Another predictive technique that works well for video, stems from the fact that it’s comprised of a set of still pictures sent one after the other. The current picture is often very similar to the one that immediately precedes it, so the coder only needs to send data to describe the areas that have altered – the newsreader’s lips perhaps, or an additional area of background that is revealed as they move their head. This technique is enhanced dramatically if the codec employs 'motion vectors', meaning that it sends a description of the direction that blocks of pixels are moving. This allows the decoder to make a better guess at what the next picture looks like, assembling it from the previous blocks, each moved by the appropriate amount. It still won’t be a perfect guess, but it means that the coder only needs to send data to correct the guess, or prediction, that the decoder has made.
Prediction is a less successful strategy for sound. Data-rate reduction in audio often involves splitting the sound up into different frequency bands – chunks of sound of similar pitch – and uses a technique which aims to determine what the ear will be able to hear. A loud sound at a particular pitch may drown out a quieter sound at a similar pitch, so the decoder may decide to send the quieter element at reduced quality, or eliminate it all together. Leaving out sounds that are deemed to be below the threshold of hearing can make for a large reduction in data-rate, with little loss of perceived quality.
The amount of data-rate reduction depends on parameters set by the user, usually the person who sets up the coder part of the codec and originates the media file or stream. For television a reduction in data of up to one third can be completely 'lossless' – absolutely no difference in the picture. Most practical implementations are 'lossy' however, allowing some reduction in quality in return for a much larger reduction in data-rate. Reducing to a fiftieth of the original data-rate is quite achievable. Implementations of codecs and containers designed for streaming, like the one built into iPlayer, can allow for automatic variation of the bit-rate as the communication's channel quality, the speed of domestic internet connection and the number of people sharing it, varies.

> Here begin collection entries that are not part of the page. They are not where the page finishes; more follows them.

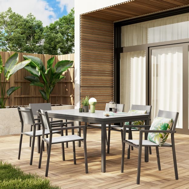 Sillón de jardín sin cojín Naterial. Cuenta con estructura fabricada en aluminio de color gris y negro y asiento de textileno. Ideal para disfrutar de momentos de relax al aire libre. Es apilable, por lo que se almacena fácilmente, y viene premontado. Ofrece 3 años de garantía. Medidas: 55 x 87,5 x 56,5 cm (ancho x alto x fondo).
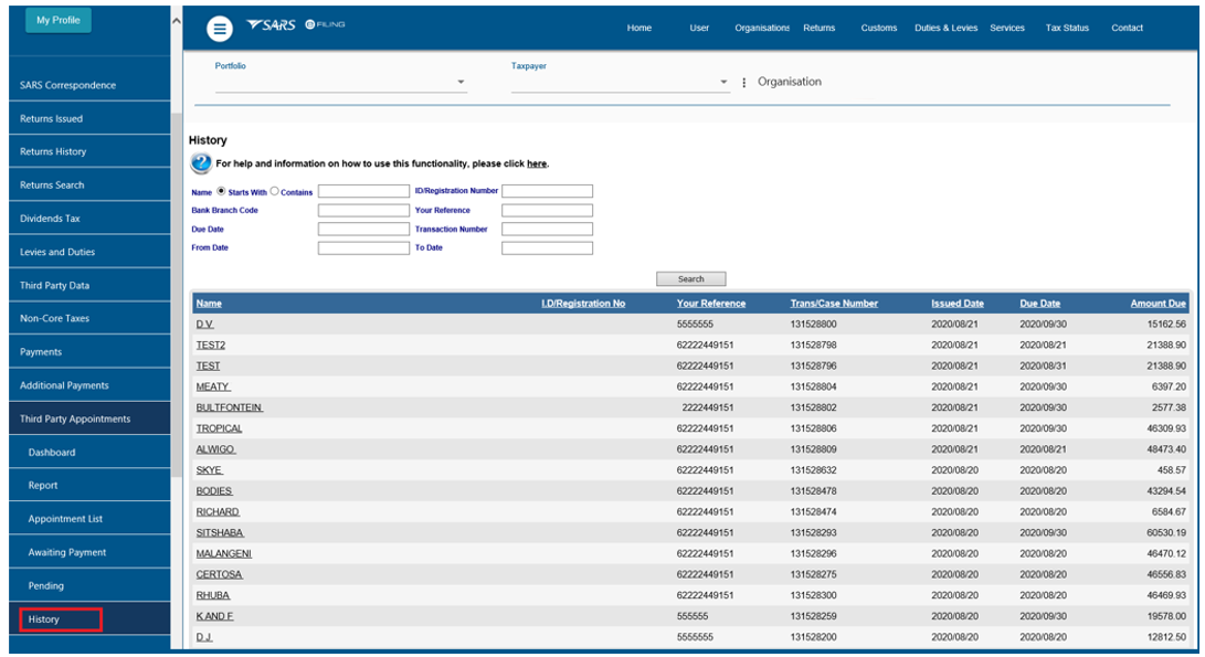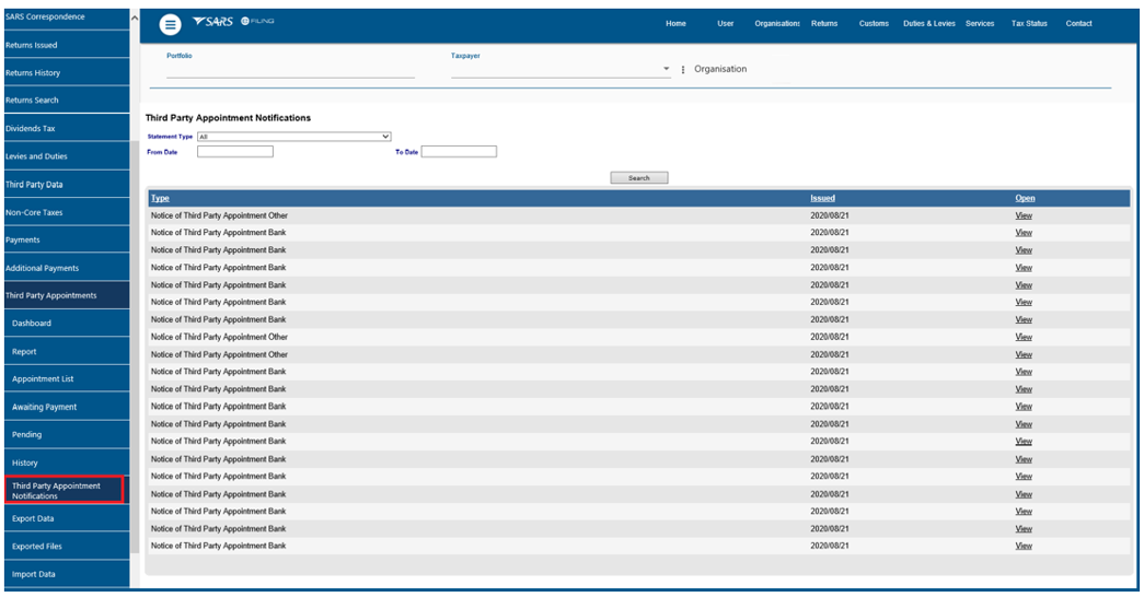 - Access the letter by clicking on the “Third Party Appointment Notifications” side menu under the Third Party Appointment functionality or access it under SARS correspondence under search letters functionality. Refer to Appendix 1
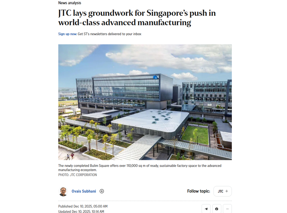On December 10 2025, The Straits Times featured Bulim Square in their coverage of “JTC’s Next-Gen Estate Signals Singapore’s Push to Lead in Advanced Manufacturing.” The article highlighted on how Bulim Square is contributing to Singapore’s position in world-class advanced manufacturing by providing a factory space for companies to thrive in the same ecosystem.
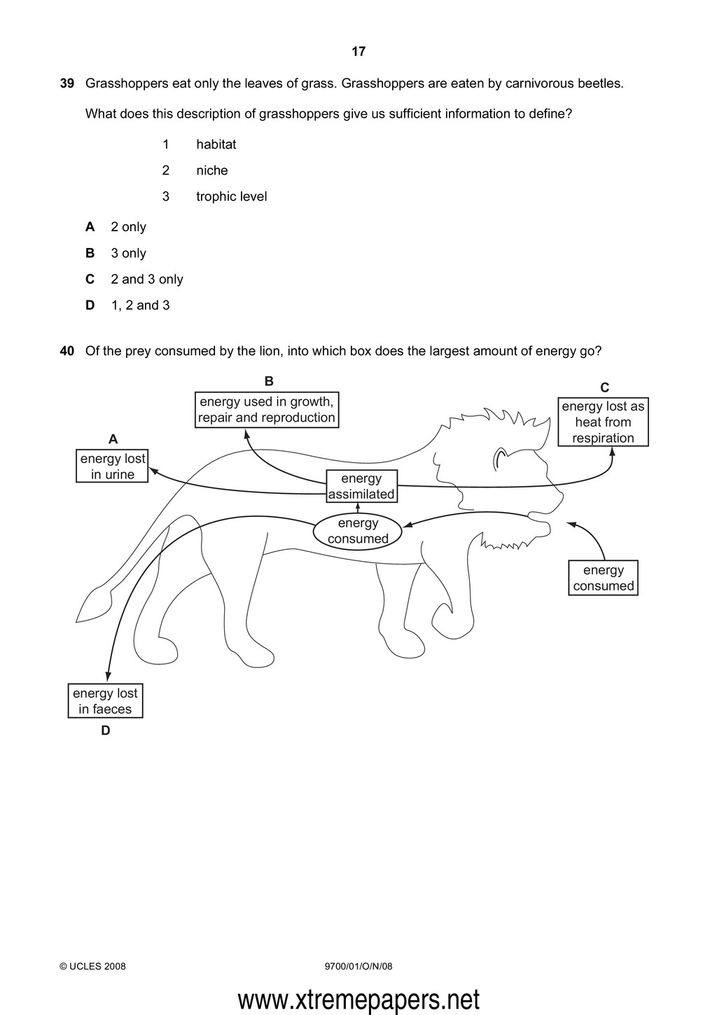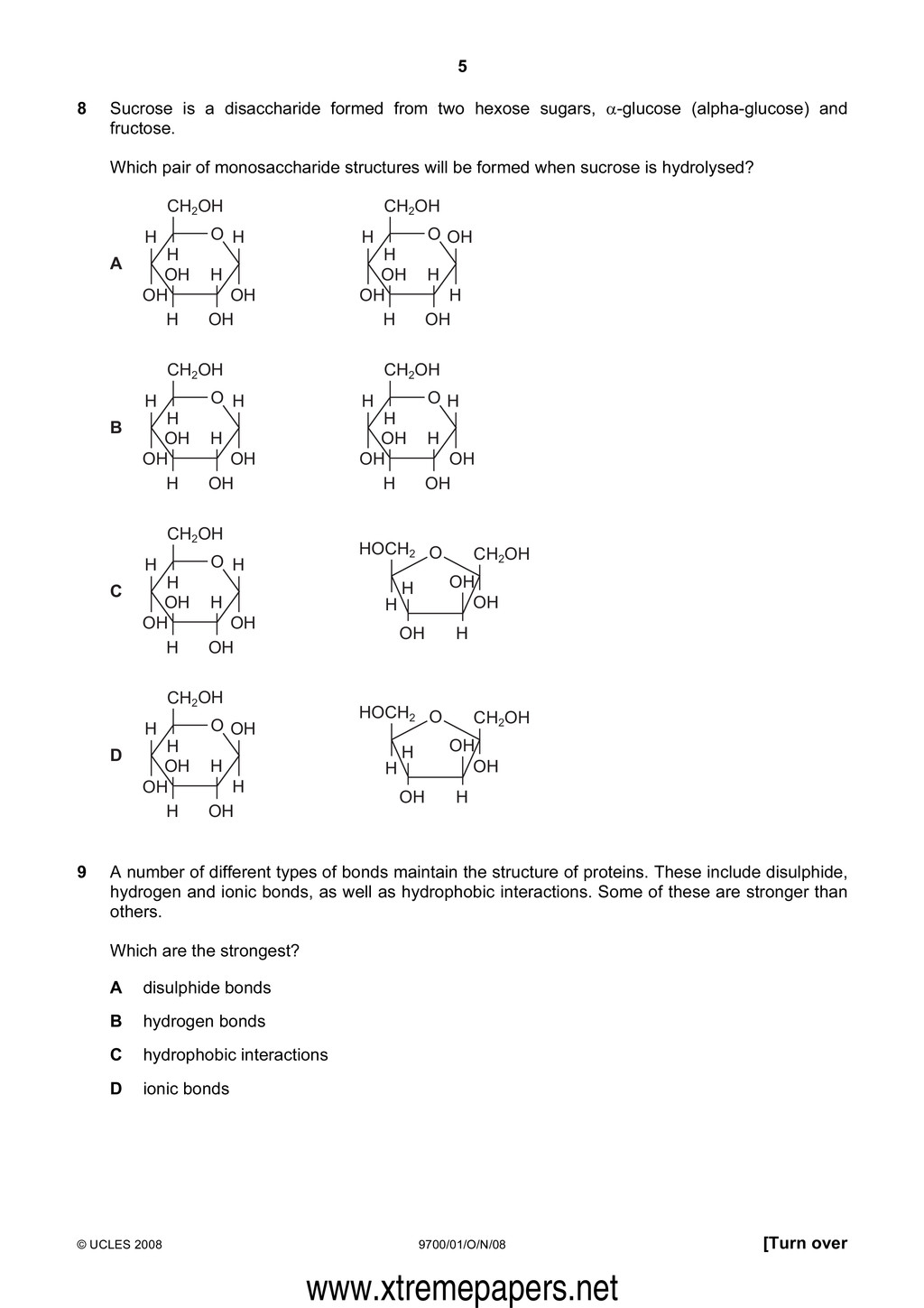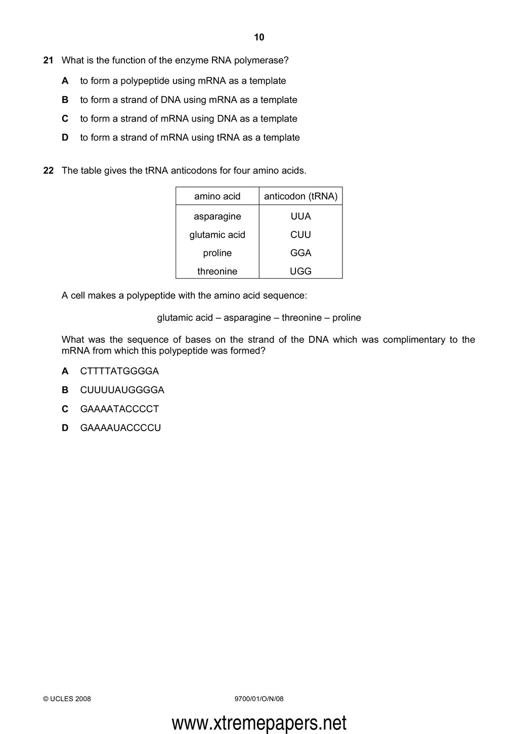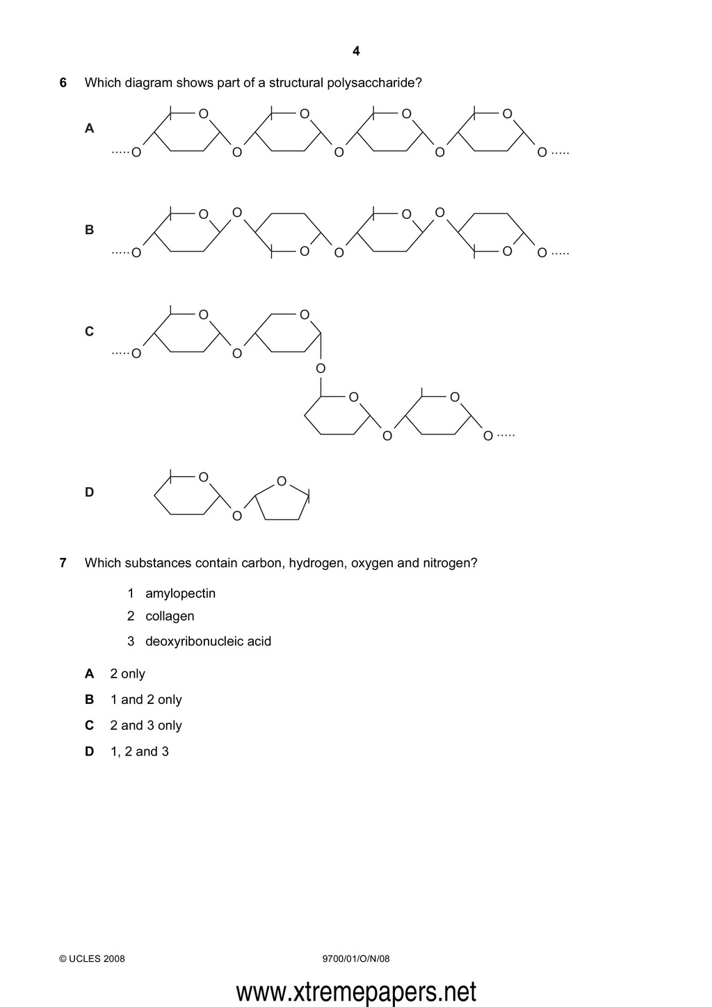 pages. IB08 11_9700_01/6RP © UCLES 2008 [Turn over *4805473659* UNIVERSITY OF CAMBRIDGE INTERNATIONAL EXAMINATIONS General Certificate of Education Advanced Level BIOLOGY 9700/01 Paper 1 Multiple Choice October/November 2008 1 hour Additional Materials: Multiple Choice Answer Sheet Soft clean eraser Soft pencil (type B or HB is recommended) READ THESE INSTRUCTIONS FIRST Write in soft pencil. Do not use staples, paper clips, highlighters, glue or correction fluid. Write your name, Centre number and candidate number on the Answer Sheet in the spaces provided unless this has been done for you. There are forty questions on this paper. Answer all questions. For each question there are four possible answers A, B, C and D. Choose the one you consider correct and record your choice in soft pencil on the separate Answer Sheet. Read the instructions on the Answer Sheet very carefully. Each correct answer will score one mark. A mark will not be deducted for a wrong answer. Any rough working should be done in this booklet. www.xtremepapers.net
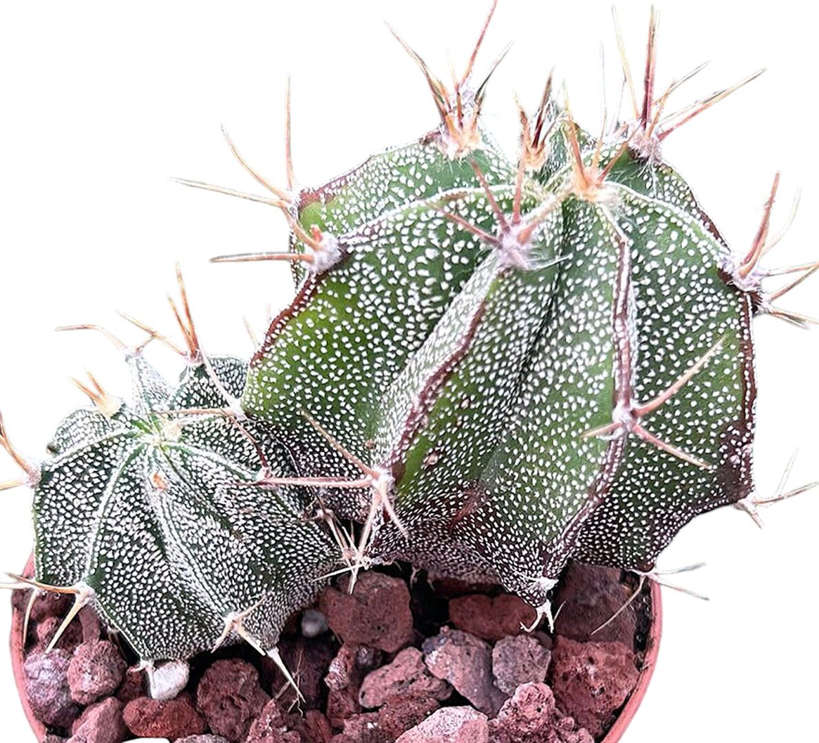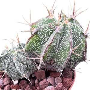 Si estás buscando un cactus que rompa todos los esquemas, el Astrophytum capricorne es tu candidato ideal. Esta maravilla del desierto combina lo mejor del mundo cactus: es exótico, resistente y tremendamente decorativo. Originario del norte de México, este cactus destaca por su forma globosa o cilíndrica, sus costillas perfectamente marcadas y, sobre todo, por sus espinas largas, curvadas y enmarañadas, ¡que le dan un aire de cabra montesa salvaje! Su nombre no es casual: “capricorne” significa “cuerno de cabra”, y basta con ver sus espinas rizadas y retorcidas para entender por qué. Pero no te dejes engañar: detrás de ese aspecto rudo, se esconde un cactus noble, elegante y con una floración espectacular. En los meses cálidos, este campeón nos regala flores grandes, amarillas y sedosas con el centro rojizo, que parecen pequeñas joyas emergiendo del desierto.
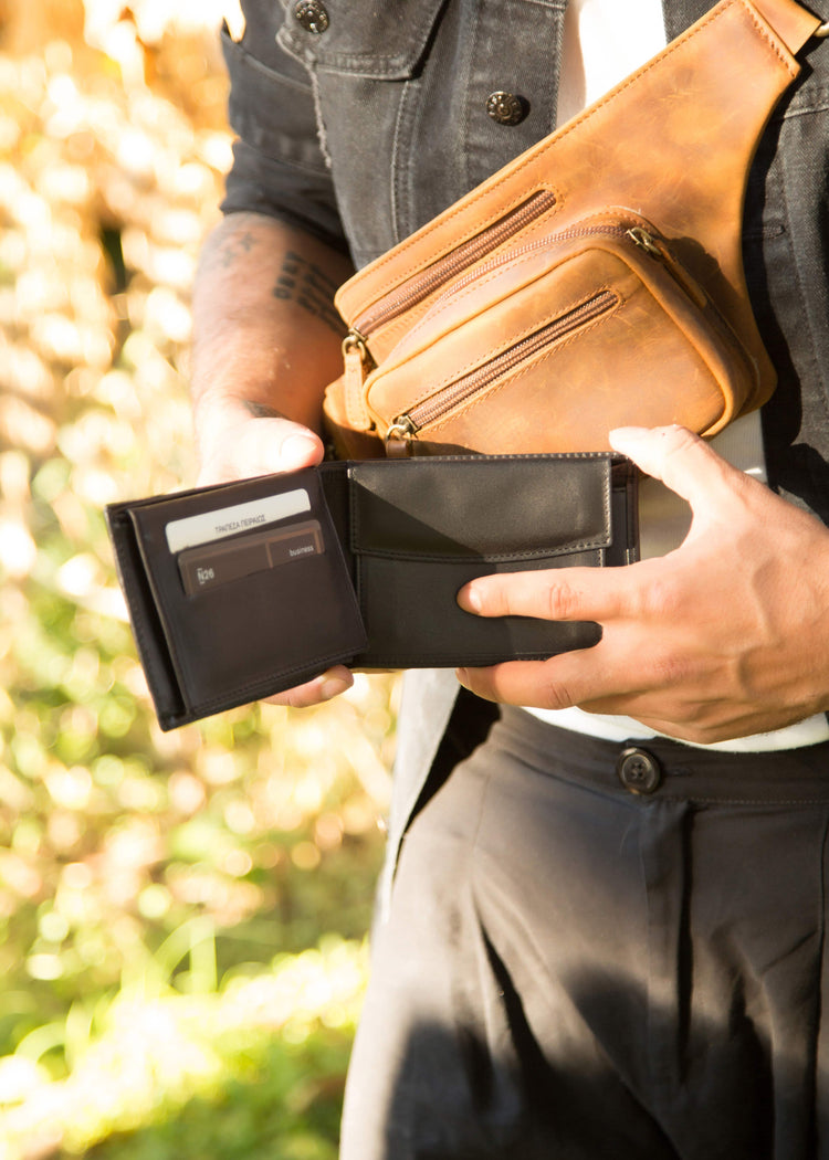 Wir stellen Ihnen unsere exquisit gefertigte Lederbrieftasche für Herren vor, der Inbegriff von Stil und Funktionalität.
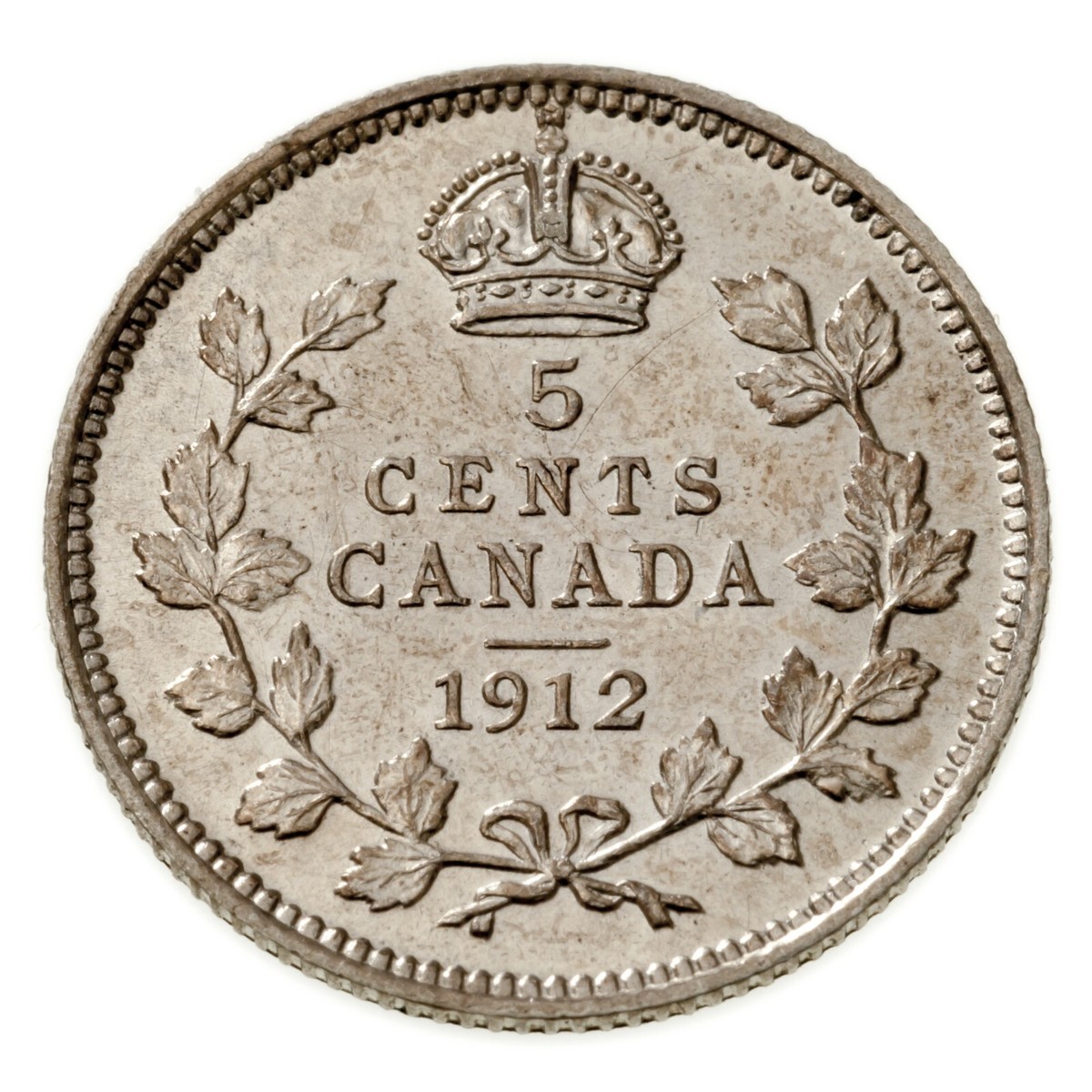 Moneda De Plata De 5 Centavos De Canada De 1912 En Condicion UNC, KM 22

Many other tools are used to reduce the amount of data to be transmitted; identifying sequences of numbers that occur frequently for instance, and replacing these with a shorter number or sequence. I’ve described some of these concepts and processes loosely. In fact they have to be defined very accurately in order to be used to write an algorithm – the very precise process description necessary to build a codec chip or computer programme. The International Standards Organisation (ISO) and the Motion Picture Experts Group (MPEG) have defined a number of popular codecs, each one of which has multiple levels of usage and many possible implementations. The description of their MPEG-4 standard, used for HDTV in many countries, would fill a large bookshelf if it were printed.